Our observations from the F_st statistic and the LRH test lead to very interesting findings. The SNP rs3811801, which is 5 kb upstream of the functional variant and outside the ADH1B locus, has the second highest F_st value (fig. 4). In addition, the REHH shows a strong increase over distance only upstream of the core we defined in figure 7. Therefore, selection might operate on the upstream part of the gene instead of directly on the core we have selected. Thus, we defined a new core region from rs3811801 to ADH1B*47His. The global haplotype pattern (fig. 10) shows an East Asian–prominent haplotype, AGC2. Within East Asia, five populations (KOR, JPN, CHS, CHT, and HKA) have high frequencies (⩾46%) of this haplotype, whereas Ami, ATL, and CBD have relatively lower frequencies (⩽16%). Outside East Asia, this haplotype occurs only at low frequency in a few populations (Adygei [ADY], Chuvash [CHV], and Ashkenazi Jews [ASH]) or at moderate frequency in one population (Yakut [YAK]). Compared with the haplotype 2CG2G presented in figure 5, this plot illustrates more clearly the difference between the five populations (KOR, JPN, CHS, CHT, and HKA) and the other three (Ami, ATL, and CBD) within East Asia.

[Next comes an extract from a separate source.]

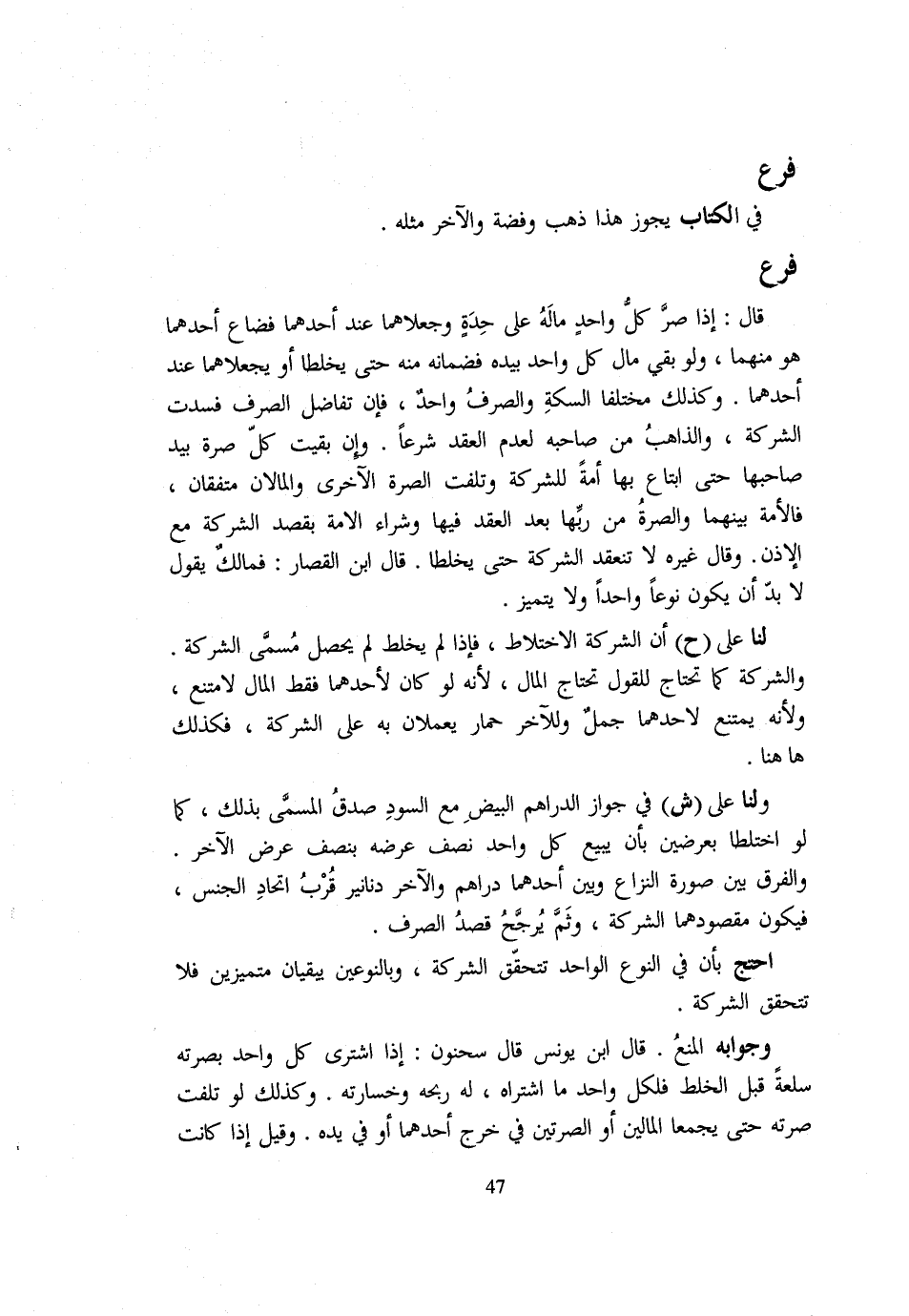 قَالَ: إِذَا صرَّ كُلُّ واحدٍ مَالَهُ عَلَى حِدَةٍ وَجَعَلَاهُمَا عِنْدَ أَحَدِهِمَا فَضَاعَ أَحَدُهُمَا هُوَ مِنْهُمَا وَلَوْ بَقِيَ مَالُ كُلِّ وَاحِدٍ بِيَدِهِ فَضَمَانُهُ مِنْهُ حَتَّى يَخْلِطَا أَو يجعلاهما عِنْد الشّركَة وَالذَّهَب مِنْ صَاحِبِهِ لِعَدَمِ الْعَقْدِ شَرْعًا وَإِنْ بَقِيَتْ كُلُّ صُرَّةٍ بِيَدِ صَاحِبِهَا حَتَّى ابْتَاعَ بِهَا أمة للشَّرِكَة وَتَلفت الصرة الْأُخْرَى المالان مُتَّفِقَانِ فَالْأَمَةُ بَيْنَهُمَا وَالصُّرَّةُ مِنْ ربِّها بَعْدَ الْعَقْدِ فِيهَا وَشِرَاءُ الْأَمَةِ بِقَصْدِ الشَّرِكَةِ مَعَ الْإِذْنِ وَقَالَ غَيْرُهُ لَا تَنْعَقِدُ الشَّرِكَةُ حَتَّى يخلطا قَالَ ابْن الْقصار: فمالكٌ يَقُول لابد أَن يكون نوعا وَاحِدًا وَلَا يَتَمَيَّزُ لَنَا عَلَى (ح) أَنَّ الشَّرِكَةَ الِاخْتِلَاطُ فَإِذا لم يخلط لَمْ يَحْصُلْ مُسمَّى الشَّرِكَةِ وَالشَّرِكَةُ كَمَا تَحْتَاجُ لِلْقَوْلِ وتحتاج المَال لِأَنَّهُ لَوْ كَانَ لِأَحَدِهِمَا فَقَطِ الْمَالُ لَامْتَنَعَ وَلِأَنَّهُ يَمْتَنِعُ لِأَحَدِهِمَا جملٌ وَلِلْآخَرِ حِمَارٌ يَعْمَلَانِ بِهِ عَلَى الشَّرِكَةِ فَكَذَلِكَ هَاهُنَا وَلَنَا عَلَى (ش) فِي جَوَازِ الدَّرَاهِمِ الْبِيضِ مَعَ السُّودِ صِدْقُ الْمُسَمَّى بِذَلِكَ كَمَا لَوِ اخْتَلَطَا بِعَرْضَيْنِ بِأَنْ يَبِيعَ كُلُّ وَاحِدٍ نِصْفَ عَرْضِهِ بِنِصْفِ عَرْضِ الْآخَرِ وَالْفَرْقُ بَيْنَ صُورَةِ النِّزَاعِ وَبَيْنَ أَحَدِهِمَا دَرَاهِمٌ وَالْآخِرُ دَنَانِيرُ قُرْبُ اتِّحَادِ الْجِنْسِ فَيَكُونُ مَقْصُودُهُمَا الشَّرِكَةَ وَثَمَّ يُرجح قَصْدُ الصَّرْفِ احْتَجَّ بِأَنَّ فِي النَّوْعِ الْوَاحِدِ تَتَحَقَّقُ الشَّرِكَةُ وَبِالنَّوْعَيْنِ يَبْقَيَانِ مُتَمَيِّزَيْنَ فَلَا تَتَحَقَّقُ الشَّرِكَةُ وَجَوَابُهُ الْمَنْعُ قَالَ ابْنُ يُونُسَ قَالَ سَحْنُونٌ: إِذَا اشْتَرَى كُلُّ وَاحِدٍ بِصُرَّتِهِ سِلْعَةً قَبْلَ الْخَلْطِ فَلِكُل وَاحِد مَا اشْتَرَاهُ لَهُ ربحه وخسارته وَكَذَلِكَ لَوْ تَلِفَتْ صُرَّتُهُ حَتَّى يَجْمَعَا الْمَالَيْنِ أَوِ الصُّرَّتَيْنِ فِي خُرْجِ أَحَدِهِمَا أَوْ فِي يَدِهِ وَقِيلَ إِذَا كَانَتْ

Figure 10. — Haplotype pattern of SNPs 31–34 (*rs3811801, rs6810842, rs1159918,* and *ADH1B Arg47His*) for 42 populations. Abbreviations are shown in table 1.

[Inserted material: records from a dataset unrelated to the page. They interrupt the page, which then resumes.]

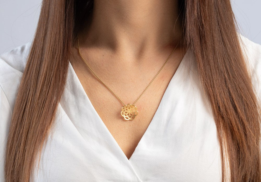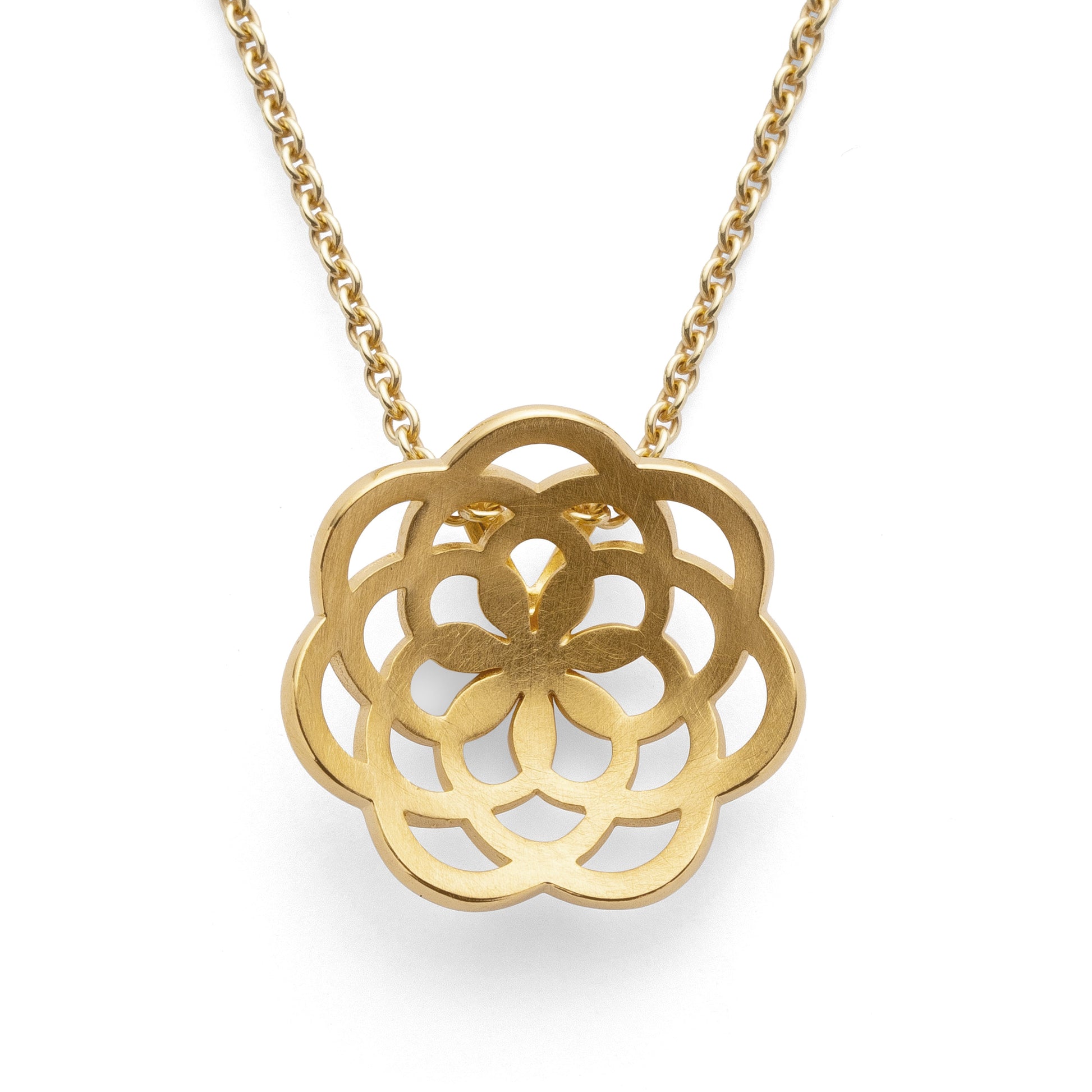 Magisk feminin, blomsterinspireret vedhæng "Lotus" lavet af forgyldt 925/- sterling sølv. Dette smykke er designet af designeren Nadine Resch med stor sans for detaljer. Designersmykkets usynlige ophæng sikrer dets særligt elegante udseende. Fås med matchende øreringe.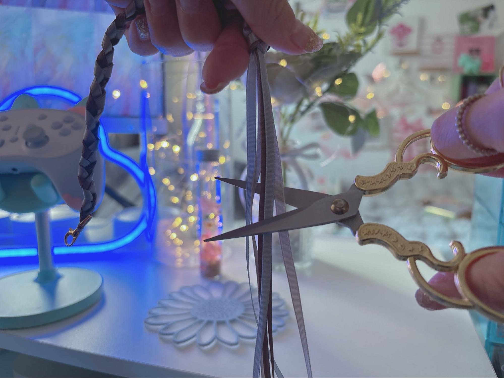 - リボンをカットします。この時に少し長めに垂れるような長さでカットするのがポイントです。これで一気に洗練された高見えデザインになります♪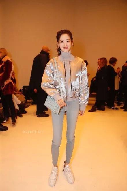 浅色高领毛衣搭配浅色修身牛仔裤,时尚又高级,外搭一件短款银光棒球夹克,前卫又潮流,整套穿搭大牌感十足,又高级又有范儿。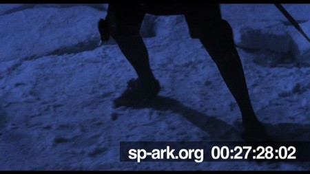 Description close up of Orlando's feet as he leaps from one moving ice-floe to another.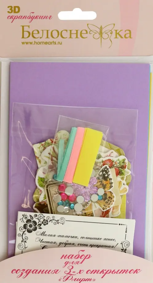 Наборы комплектуются цветными заготовками для открыток, ленточками, тесьмой и стразами разных форм. В каждый набор вложен комплект вырубки из картона - это красивые букеты, бабочки, карточки для надписей, рамки, игрушки, звездочки, воздушные шары и многое другое. В зависимости от модели вырубка будет разная. Еще одна отличительная особенность этих наборов на внутренней стороне вкладыша напечатаны карточки для скрапбукинга их можно вырезать и использовать при создании своей композиции.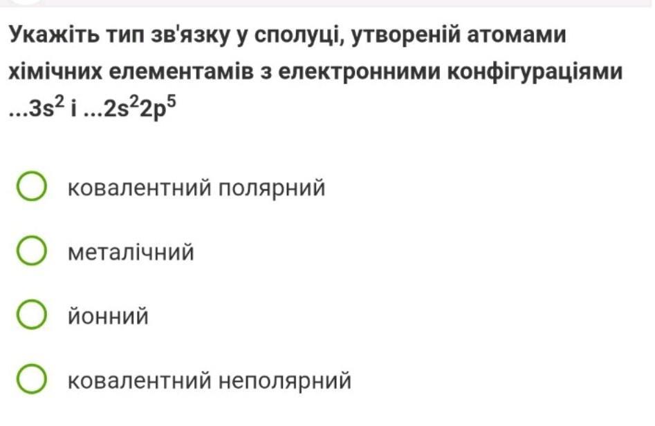 Укажіть тип зв'язку у сполуці, утвореній атомами хімічних елементамів з електронними конфігураціями ...3s² i...2s²2p5 ковалентний полярний металічний ЙОННИЙ ковалентний неполярний

We therefore applied the LRH test to the new core region (fig. 11). Since Ami, ATL, and CBD have a frequency <16% for haplotype AGC2, the occasional high EHH or REHH values obtained in these populations could be misleading. For example, our sample of CBD is 25 individuals. The 11.1% frequency means that there are 2×25×11.1% (≈6) haplotype sequences containing AGC2. Such a small number brings potentially large sampling errors and thus is not very informative. Therefore, we focus on those five populations (KOR, JPN, CHS, CHT, and HKA) that have a minimum frequency of 0.50 for AGC2. The sample sizes in these populations have a range of 41–60 individuals (or 82–120 chromosomes). Thus, the EHH and REHH calculations in these five populations would be reliable and informative. Compared with haplotype 2CG2G (fig. 5), these five populations show higher consistency in EHH shape (we still focus on the upstream of the core). EHH stays at a higher level and extends farther away from the core (all extend 75 kb above 0.8 and 90 kb above 0.6). The REHH result is consistent with previous findings: KOR shows the strongest footprint of selection, and JPN is similar. HKA, CHS, and CHT show relatively weaker evidence of selection (fig. 11).

Figure 11. — EHH (*left*) and REHH (*right*) plots of core haplotypes covering SNPs 31–34 in all eight East Asian populations. EHH and REHH curves based on the core haplotype of interest, AGC2, are colored and symbolized in different populations, whereas curves of other core haplotypes are presented in gray. Because of the low core-haplotype frequencies, CBD, Ami, and ATL show unexpectedly high EHH (even REHH) levels. The other five populations show similar levels of EHH values (upstream) over distance. KOR and JPN show the highest REHH values (upstream), in agreement with the observations from figure 7A.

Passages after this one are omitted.